Your DM will tell you.

Or he won't, if you're not supposed to know.

Or maybe you can use your character's planar knowledge to determine whether you're in the land of the dead or the land of the fey.

If a forest of black thorns is enough to confuse you, then traits like rivers of fire and barren, desolate rock wastes and such must have really made all of the evil realms hard to distinguish from eachother.
 

I really like all of this, mostly because the Feywild and Shadowfell sound way too much like my own homebrew. Two planes which overlap with the physical world, a Spirit World and a Shadow World, filled with spirits and undead respectively. The Oriental Adventures Spirit World mixed with the shadow plane, the classic mystic land of the Fey, and a bit of Legend of Zelda Sacred/Dark Realm. I like it a lot, and love all the possibilities in it that can't be found in the Great Wheel setup.

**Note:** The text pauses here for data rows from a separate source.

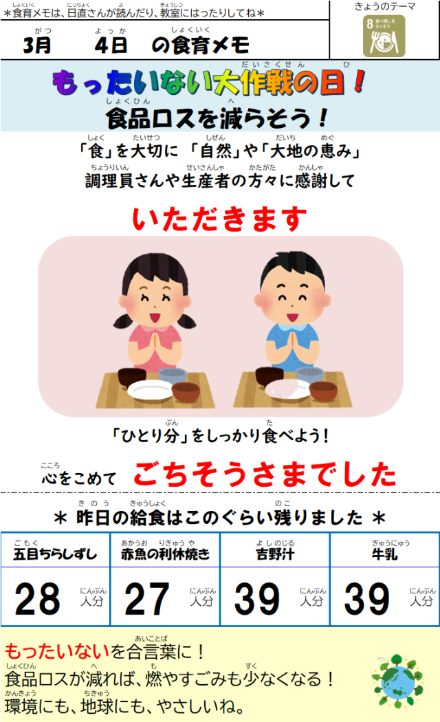 3月4日(水)の給食 公開日 2026/03/04 更新日 2026/03/04 給食室 【メニュー】・やきとり丼・呉汁・れんこんチップス・牛乳【八王子産の食材】長ねぎ、にんじん、大根、小松菜 いいね(0)
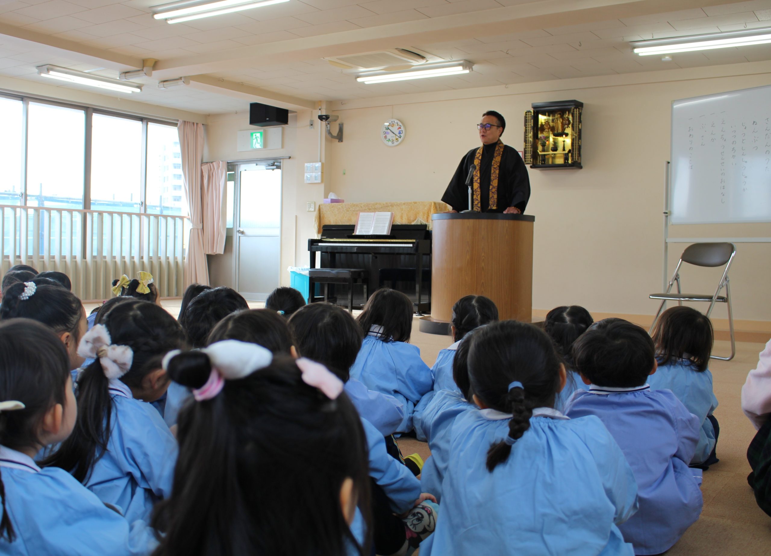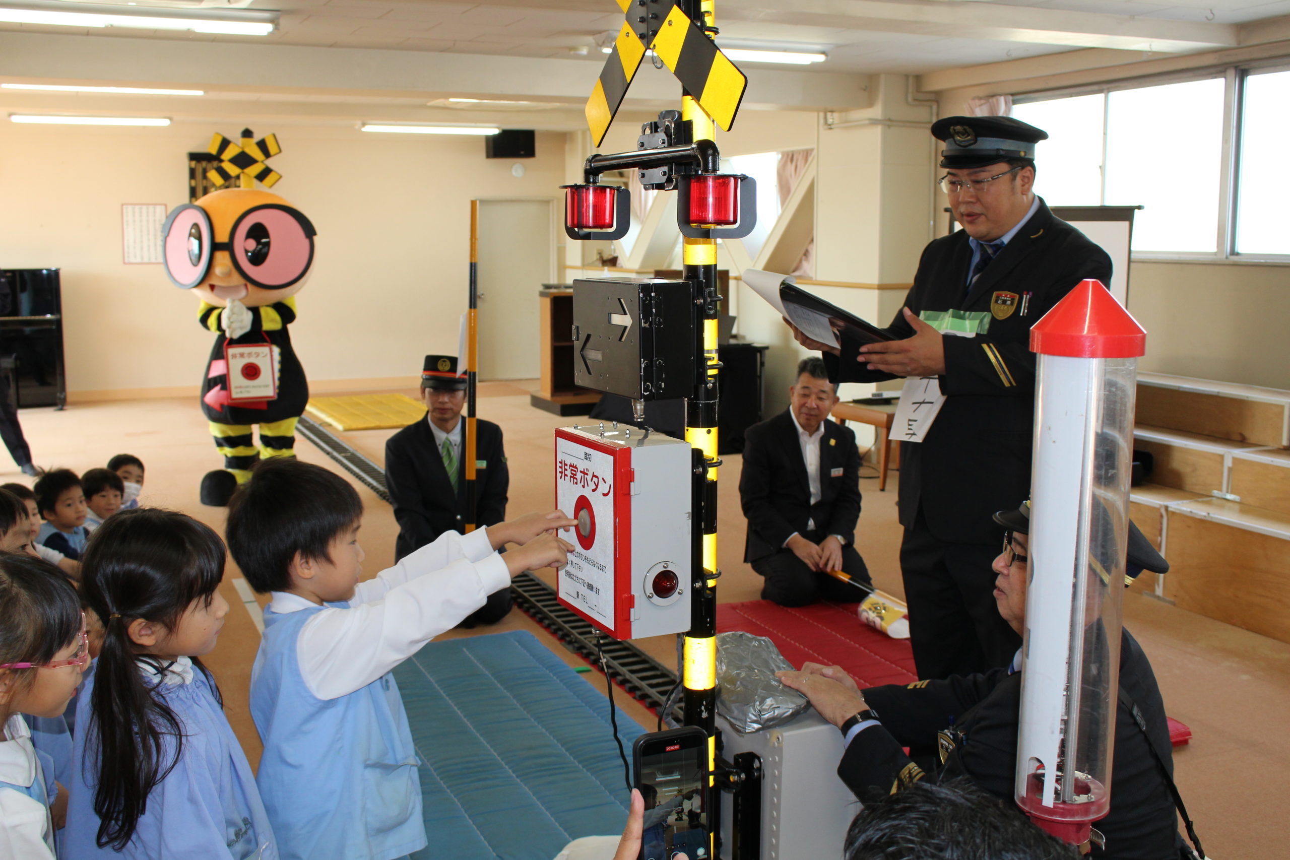 年長組、年中組のよい子さん達が踏切安全教室に参加しました! |
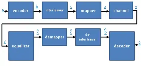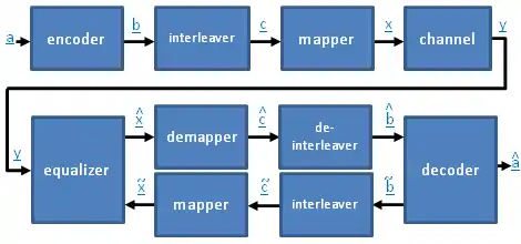 The block diagram of a communication system employing a turbo equalizer is shown below. The turbo equalizer encompasses the equalizer, the decoder, and the blocks in between.
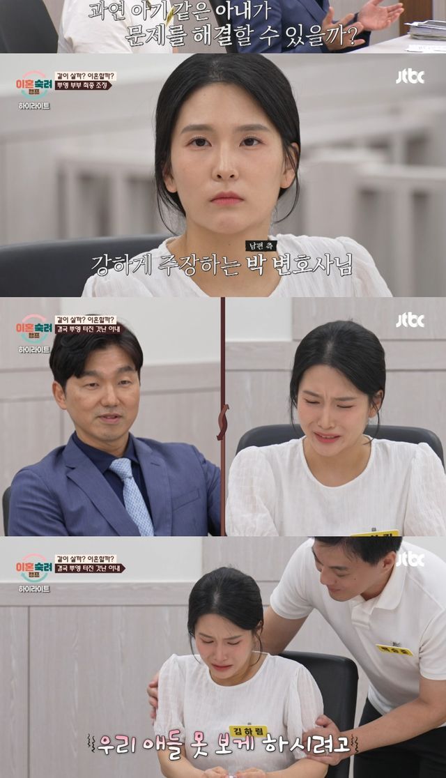 아내 측 변호사는 "아내가 발전할 의지가 있다"고 감쌌지만, 아내는 "제가 양육권 가질 거다"라며 조정 중에도 '뿌엥' 눈물을 터트렸다.
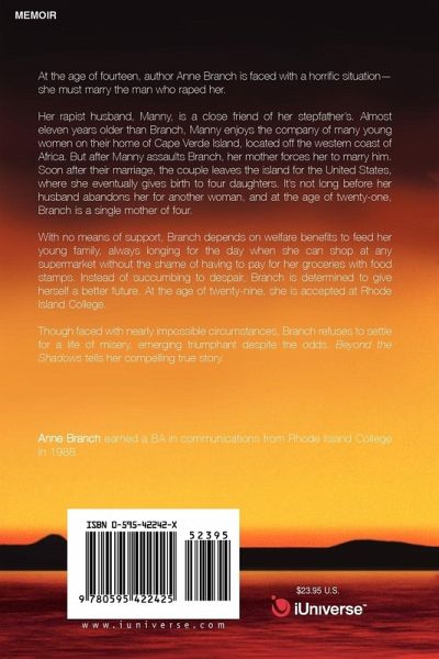 At the age of fourteen, author Anne Branch is faced with a horrific situation-she must marry the man who raped her. Her rapist husband, Manny, is a close friend of her stepfather's. Almost eleven years older than Branch, Manny enjoys the company of many young women on their home of Cape Verde Island, located off the western coast of Africa. But after Manny assaults Branch, her mother forces her to marry him. Soon after their marriage, the couple leaves the island for the United States, where she eventually gives birth to four daughters. It's not long before her husband abandons her for another woman, and at the age of twenty-one, Branch is a single mother of four. With no means of support, Branch depends on welfare benefits to feed her young family, always longing for the day when she can shop at any supermarket without the shame of having to pay for her groceries with food stamps. Instead of succumbing to despair, Branch is determined to give herself a better future. At the age of twenty-nine, she is accepted at Rhode Island College. Though faced with nearly impossible circumstances, Branch refuses to settle for a life of misery, emerging triumphant despite the odds. Beyond the Shadows tells her compelling true story.
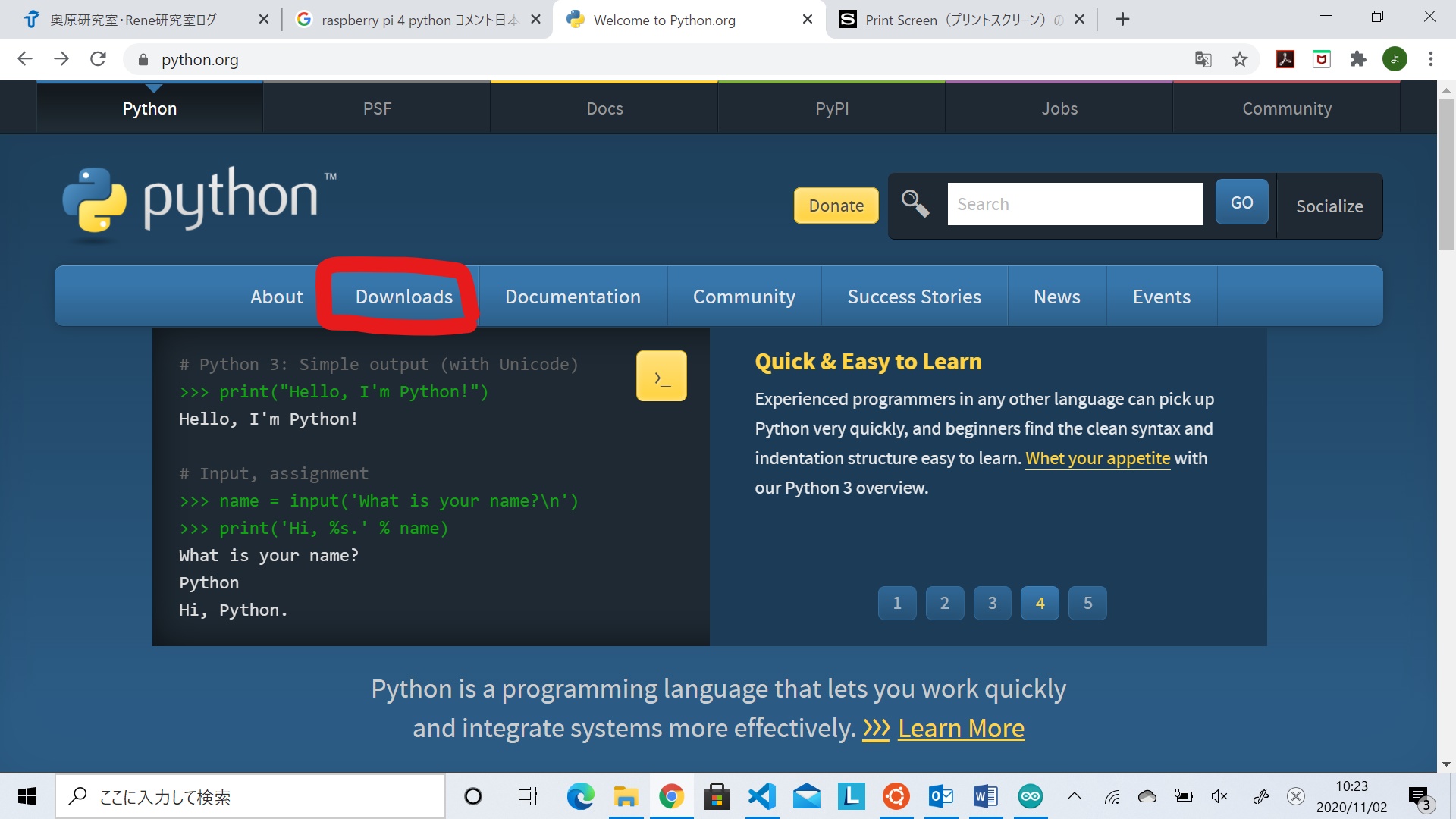 自分のパソコンにPythonをインストールする. https://www.python.org/
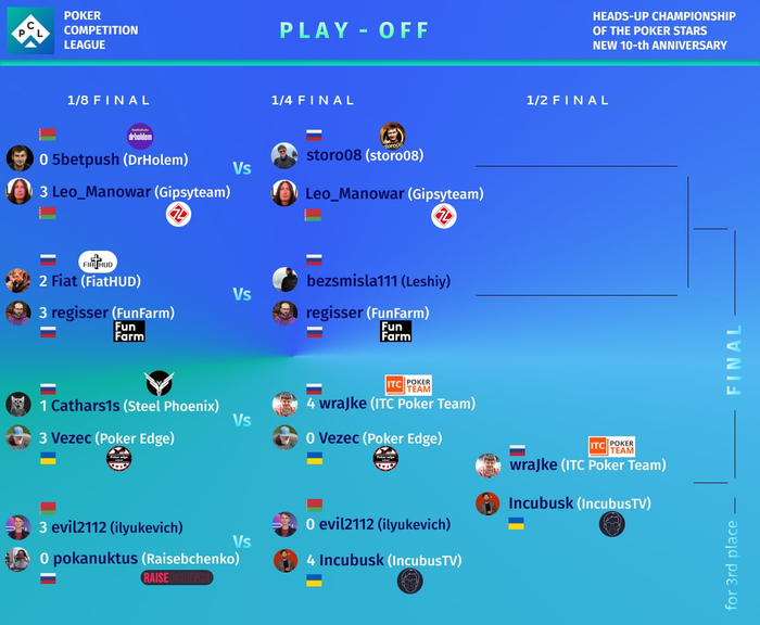 Несколько, удивительный и примечательный факт - в 1/2 финала, т.е. в состав четверых полуфиналистов вошли, исключительно, сильнейшие игроки, достаточно, продолжительного группового раунда, который состоял из 6-ти туров. В этом что-то есть, логическое и заслуженное, а именно то, что подчеркивает класс данных игроков в игре 1 на 1. При этом, я ничем не принижаю уровень игры в Heads-Up в глубоких стеках других игроков, но для меня данный факт остается фактом и нас ожидают решающие, супер-интересные баталии.

Imagine wandering into some small hamlet, built on the ruins of some ancient city, and the wandering into the Shadowfell, and finding that ancient city still stands there, filled with whole generations of its now dead citizens, and ruled by a council of its undead kings...

Or you can retread the waters from old celtic myth, and accidentally wander into the realm of a otherworldly faerie king because you fail to follow a common superstition.

Also, I like the Elemental Tempest and Astral Sea. Far more flexible and interesting than Inner and Outer Planes. I am also glad they are minimzing the term "plane".
 

I have to say, I don't understand the attachment people have to the Great Wheel.

It's okay, but I can't say it ever did anything for me.

I do think it's telling that neither of the supported settings at this time use the Great Wheel in their cosmology.

And if they're changing how important alignment is and how it works, the Great Wheel suddenly becomes even less useful, because, at heart, all it is is alignment.

Brad
 

Hobo said:
The elemental planes are the accretion disk, and the Abyss is the supermassive black hole at the center. :D
It would suit things well if the elemental planes are slowly but inevitably getting drawn down into the Abyss. Tharizdun pulled the plug at the bottom of the universe.
 

Dr. Awkward said:
It would suit things well if the elemental planes are slowly but inevitably getting drawn down into the Abyss. Tharizdun pulled the plug at the bottom of the universe.

Seven months before 4e, and I'm stealing the hell out of that idea.
 


I'm mostly neutral about this change, but one thing I really like is that this will allow DMs to create their own planes and easily insert them into the existing cosmology. You couldn't do that with the Great Wheel (unless you were making an Abyssal layer). That's a definite improvement, IMO.